Saturday, January 2, 2010

Wrapping up a devastating decade!



What pains me most when I look back on the decade that was, is the changing nature of global terrorism. No other decade perhaps has been so fraught with paradoxes: on the one hand, the world was condensed into a small global village, thanks to the revolution in information technology; on the other hand, distances between communities, residing side by side, increased beyond measurement. While multiculturalism officially entered the state parlance, mad rush at ethnic cleansing reached a hitherto unforeseen level. In India, nobody seemed to have learned any lesson from the Babri Masjid demolition riots! The Godhra riots in Gujarat, the Malegaon blasts, the unprecedented rise of Hindutva, violence against religious minorities − all of these introduced the most dehumanizing chapters in the history of humanity. The 26/11 Taj Hotel massacre in Mumbai brought the drama of man slaughter to a climax, which, as things are, would never see a denouement. The decade closed under the dark clouds of the Telengana demand for a state separate from Andhra Pradesh, once again throwing into dismal relief the drama of fragmentation of the country that began after the independence and is still going strong. On the other hand, the demand for a Gorkhaland, separate from West Bengal, had been making headlines for quite a few months now! And to top it all, there was the unspeakably inhuman Nandigram debacle that marked a turn to the barbaric age. Amidst this entire hullabaloo for a separate state, religious purity, communal violence, emerged the Maoist rebellion, giving sleepless nights to the government. May be one good thing was the state recognition of same-sex desire as natural. But what was ridiculously ironic was the whole tragicomic drama that was played out by the media in the ‘highly saleable’ hype of legalizing (!) something that was always already natural.

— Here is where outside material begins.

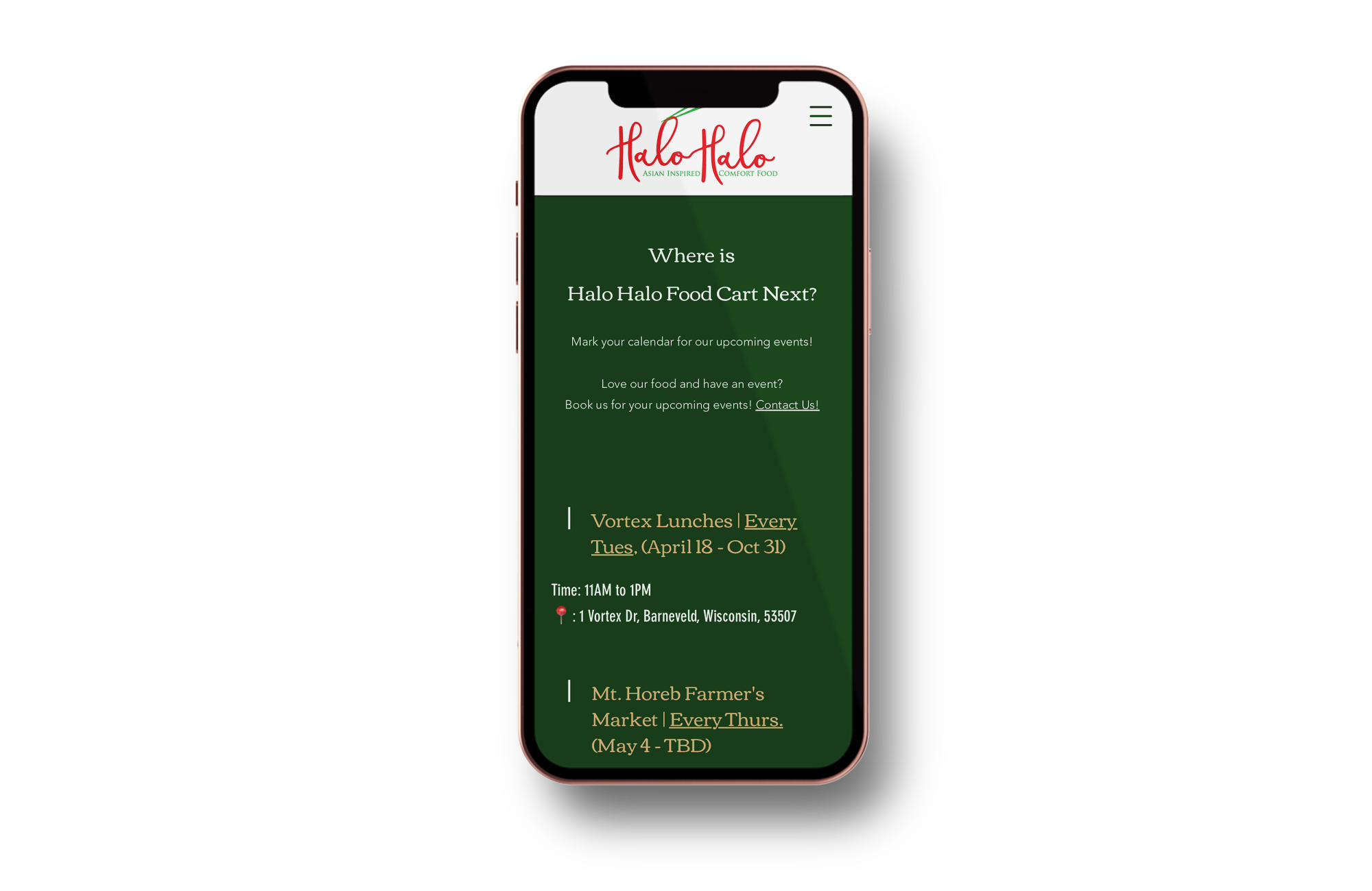 Strategic Edge: The user-friendly events page establishes a competitive advantage, showcasing a commitment to customer satisfaction and convenience that sets the food cart apart from competitors.

While we were happy that we have finally arrived with high-end technologies entering the middle class home, none of was really bothered about the increasing gap between the rich and the poor. All seemed hunky-dory, for the media represented it as such. No one really cared what happened in the remotest areas, miles away from the globalizing urban centres. The new Indian middle class were blissfully unaware of the world beyond McDonald’s, KFC, Shopping Malls, Coke and Pepsi. It took a Slumdog Millionaire to uncover the murky reality that co-existed with the glam and glitz of the country’s economic capital. And in remote villages of Uttar Pradesh, West Bengal, Andhra Pradesh, etc., people still starved to death. The impact of global warming was felt the hard way: in lots of villages the ground water level decreased considerably, super-cyclones hit eastern India time and again taking innumerable lives, and above all a remarkable change in the climate was felt across the country. And not to forget the colossal tsunamis that hit South Asia, almost giving signals of an apocalypse. The great Copenhagen Summit on environmental issues that closed the decade did not really predict a very bright future. However, we hope to live on! All we need are love, patience and a bit of selflessness. May the new decade ring out all that was depressing and ring in life, in true sense of the term!